El príncipe de Maquiavelo fue una de las muchas obras preocupadas por la batalla de controlar el miedo que se estaba librando por toda Europa en el siglo XVI. El mismo año en que Erasmo había comentado el uso tiránico del miedo, su buen amigo sir Tomás Moro (filósofo, abogado y más tarde lord alto canciller de Inglaterra) publicó el libro Utopía, en el que una república de una isla imaginaria se convierte en un vehículo para criticar las instituciones políticas contemporáneas y poner en evidencia los peligros del sectarismo religioso, los enfrentamientos civiles y la desigualdad social. En muchos aspectos, la Utopía de Moro es una sociedad extraordinariamente liberal, a pesar de su dependencia de esclavos para «todo el trabajo rudo y sucio» y la constante vigilancia de los ciudadanos por parte del Estado con el fin de garantizar la disciplina.15Es una democracia representativa, regida por un príncipe electo; no existe propiedad privada ni dinero, y los enfermos son tratados en hospitales públicos. No obstante, el miedo desempeña un papel importante en la mancomunidad ficticia de Moro. Si bien los ciudadanos de Utopía gozan de libertad religiosa, el miedo al juicio de Dios se considera indispensable; los ateos que no conocen el miedo no pueden ocupar cargos públicos. Como dice Moro, «si uno solo teme la persecución y no espera nada tras su muerte, siempre estará intentando eludir o infringir las leyes de su país, con el fin de conseguir sus intereses».16

El orden social en Utopía resulta depender de que la clase adecuada de temor se equilibre con la clase adecuada de intrepidez. Mientras que el temor religioso se considera motivacional, el miedo a la inanición y a las necesidades materiales básicas se juzga inaceptable porque desestabiliza la sociedad. En la época en la que Moro estaba escribiendo, los temores espirituales y materiales se habían desbaratado peligrosamente por toda Europa dislocando ese delicado equilibrio. Había nacido el mundo distópico del pánico moderno, junto con un impulso de signo contrario para diseñar una nueva clase de Estado capaz de contenerlo.

 

Estas nuevas ideas acerca de los usos y abusos de diferentes tipos de miedo surgieron en el momento preciso en el que la unidad de la cristiandad se hallaba bajo amenaza. Por toda Europa, la autoridad de la Iglesia católica estaba siendo impugnada por los disidentes y los defensores de la reforma. En 1517, Lutero escribió sus Noventa y cinco tesis, una lista de quejas contra el papado que precipitó una disputa teológica que pronto se transformaría en un movimiento secesionista radical. Entre sus quejas con respecto a Roma figuraba la venta de indulgencias, que a mediados del siglo XV estaban siendo emitidas como pequeños formularios impresos, pagarés que se asemejaban a cheques en blanco con espacios reservados para el nombre del comprador y la fecha de adquisición. En una creativa artimaña generadora de dinero gestionada por la Iglesia desde 1476, incluso era posible comprarlas para los familiares difuntos.

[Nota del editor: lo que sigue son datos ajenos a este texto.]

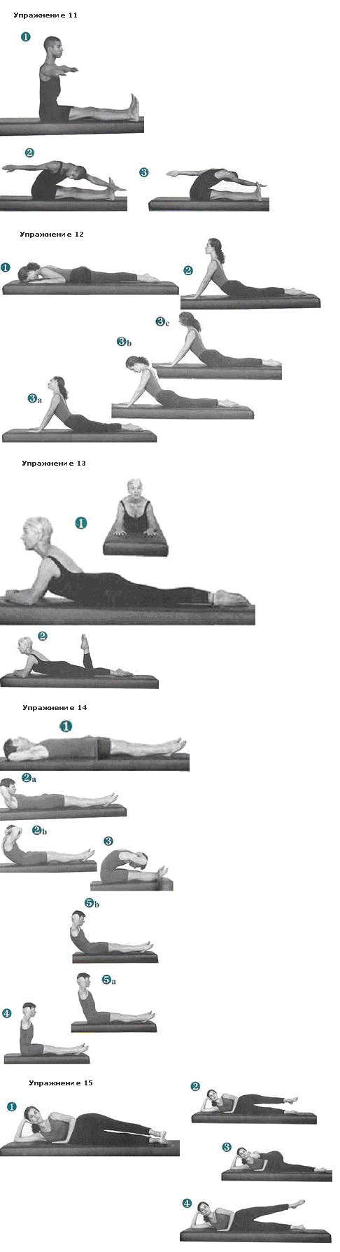 Упражнения 11-15 ![]() Упражнение 11 1. Сядьте, вытянув позвоночник, чуть шире бёдер. Вытяните руки в стороны. Втяните живот. 2. Опустите вытянутую левую руку к правой ноге. Медленно выдыхая поверните тело вправо. Напрягите позвоночник. Вытягивайте позвоночник и задержитесь в этом положении на протяжении 3-х ударов сердца. После полного выдоха вернитесь в начальное положение. 3. Повторите наклон теперь к левой стороне. Сделайте 4 раза к каждой стороне. Упражнение 12 1. Лягте на живот, ноги вместе. Руки положите на мат под плечи. 2. На вдохе поднимите голову и грудь. На выдохе постарайтесь выгнуться как можно дальше. 3а. Наклоните голову к правому плечу. Не забывайте, что плечи должны быть опущены. 3б. Затем наклоните голову вниз. 3с. Затем наклоните голову к левому плечу и снова в центр. Повторите упражнение в левую сторону. Повторите 3 раза. Упражнение 13 1. Лягте на живот, согните руки в локтях и положите их как показано на рисунке (могут быть 2 положения - руки сжаты в кулаки или пальцы распрямлены). Втяните и напрягите живот и прижмите бёдра к мату, поднимите грудь и голову. 2. Согните ногу в колене и сделайте мах голенью. Не позволяйте бёдрам оторваться от мата. Делайте упражнение на счёт 2. 3. Повторите с другой ногой. Сделайте упражнение по5 раз каждой ногой. Во время упражнения шея вытянута, не вжимайте её в плечи, живот всегда подтянут к позвоночнику. Упражнение 14 1. Лягте на спину, ноги выпрямлены и расслаблены. Разведите их на ширину бёдер. Втяните живот и положите руки за голову. 2аб. Медленно вдыхая, начинайте наклоняться к коленям. Локти разведены, живот втянут. 3. Медленно выдыхайте и сгибайтесь к ногам, крепко прижимая их к мату. Выдохните полностью и наклонитесь до конца вперёд. 4. Вдыхая, вернитесь в сидячее положение. 5аб.Медленно выдыхайте, втяните живот ,сожмите ягодицы и медленно ложитесь на мат, делая это медленно - ребро за ребром. Если вам трудно сесть, то вы можете закрепить ноги. Повторите упражнение 5 раз. Упражнение 15 1. Лягте на бок, подоприте голову рукой, ноги положите под небольшим углом к телу. Вторую руку положите перед телом для поддержки. 2. Поднимите верхнюю ногу до высоты плеча. 3. Медленно выдыхая, махните ногой вперёд насколько далеко вы можете, но не изменяя положения тела. Мах ногой не делайте быстро, примерно на 2 удара сердца. 4. Медленно выдыхая, махните ногой назад насколько далеко вы можете, но не сдвигая бёдер или грудной клетки с места . Во время упражнения нога вытянута, но не напряжена, носок ноги только слегка вытянут, мах делается свободно.Сделайте упражнение 10 раз на каждом боку. Поделитесь этой записью или добавьте в закладки |

No tardaron mucho en plantearse otras demandas por parte de facciones protestantes rivales, incluidas las encabezadas por Calvino y Ulrico Zuinglio en Suiza.17«Por desgracia, me temo que el Evangelio puede involucrarnos en una guerra mortífera», escribió Erasmo en 1529. Un año después predecía que «la larga guerra de palabras y panfletos pronto será librada con alabardas y cañones».18

Para entonces ya se había desatado la violencia. En la guerra de los campesinos en el oeste y el sur de Alemania, impulsada por el desafío protestante a la Iglesia católica y encabezada por el predicador Thomas Müntzer, estos habían sido derrotados y quizá hasta cien mil de ellos fueron masacrados. El propio Müntzer fue capturado, torturado y ejecutado en 1525. Y en los años posteriores a la publicación de Utopía, el mecenas de Moro, Enrique VIII, rompió con Roma y consolidó su poder como cabeza de la recién fundada Iglesia anglicana. Moro, católico devoto, fue hallado culpable de traición y decapitado en julio de 1535. Con el objetivo de impedir la propagación de esa herejía protestante, el papa Pablo III creó la Suprema Congregación Sagrada de la Inquisición Romana y Universal en 1542, con la misión de enjuiciar a los acusados de delitos heréticos.

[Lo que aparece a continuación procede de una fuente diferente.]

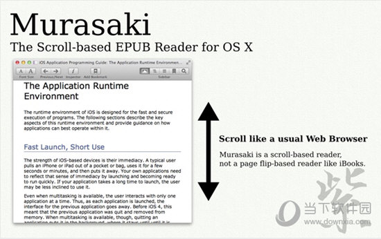 滚动:Murasaki是一个基于卷轴的读者,就像普通的网络浏览器,而不是像iBooks一样基于页面翻转的读者。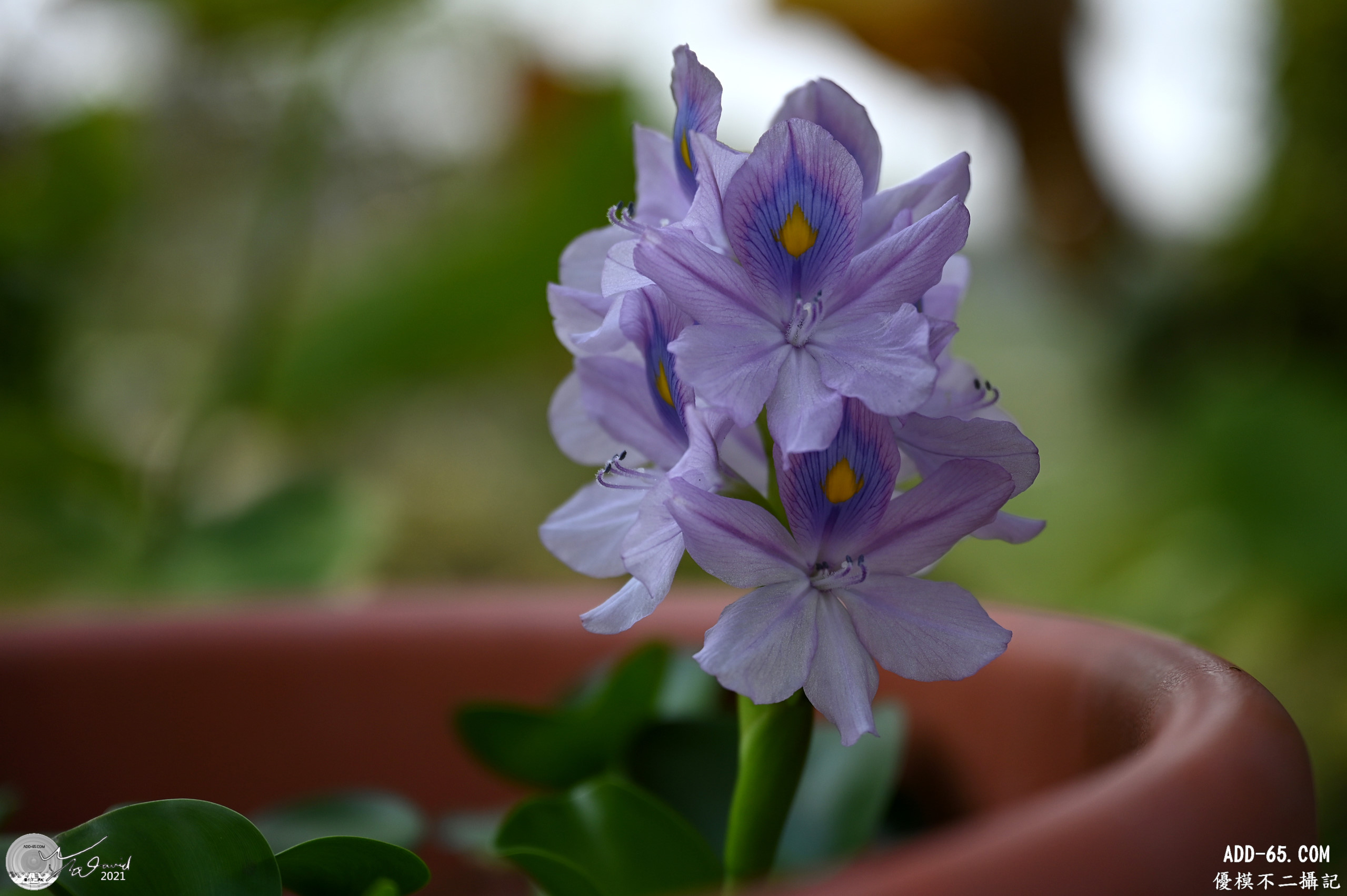 庭園裡還有一池種植布袋蓮,剛好有開幾朵花,就拍個特寫吧!布袋蓮的花,非常貴氣華麗。左圖是在松湖驛站拍攝,右圖是之前分享過在4月份到台南白河萬里長城時拍攝的照片。

La notable velocidad con la que se fragmentó la Europa católica obedecía en parte a una nueva tecnología que estaba transformando la comunicación en el mundo occidental, con consecuencias de largo alcance para la administración del miedo por parte de la Iglesia: la imprenta, diseñada por Johann Gutenberg en la década de 1440. La imprenta de tipos móviles había sido inventada siglos atrás en China, pero la publicación de la traducción latina de la Biblia por parte de Gutenberg en la década de 1450, la primera publicación «producida en masa» en Occidente, anunciaba una nueva era de la imprenta. Aunque la difusión de manuscritos continuaría hasta bien entrado el siglo XVII, fue Lutero quien demostró lo importante que podía ser la tecnología de impresión como un arma de ataque y autopromoción, y como un medio de infundir temor al juicio de Dios, lo que él estimaba fundamental para la fe. Como declaraba en su Catecismo menor de 1529, una exposición de doctrinas escritas para la edificación de los laicos y los niños: «Hemos de temer, amar y confiar en Dios por encima de todas las cosas».19

El propio Lutero estaba atormentado por el miedo a la muerte y atribuía su vocación religiosa a una experiencia aterradora que había sufrido en julio de 1505; atrapado en una tormenta eléctrica, había jurado hacerse monje si sobrevivía a la prueba. Según Lutero, la falta de temor conduce al orgullo, en tanto que el temor filial de Dios, frente al temor servil, es una condición previa para la gracia y se asemeja al miedo que el hijo tiene de sus padres; en ambos casos, el miedo está mezclado con el amor y constituye una forma de reverencia.20No obstante, también vituperaba contra el desvergonzado abuso del miedo por parte de la Iglesia católica, reservando un oprobio particular para los métodos inescrupulosos del fraile dominico Johann Tetzel, que aterrorizaba a sus congregaciones para que comprasen indulgencias conjurando visiones de sus padres muertos implorando clemencia en el purgatorio.21Lo atroz de semejante comportamiento era la forma en que explotaba el miedo por dinero y fomentaba la confusión entre la absolución y la remisión del castigo por los pecados.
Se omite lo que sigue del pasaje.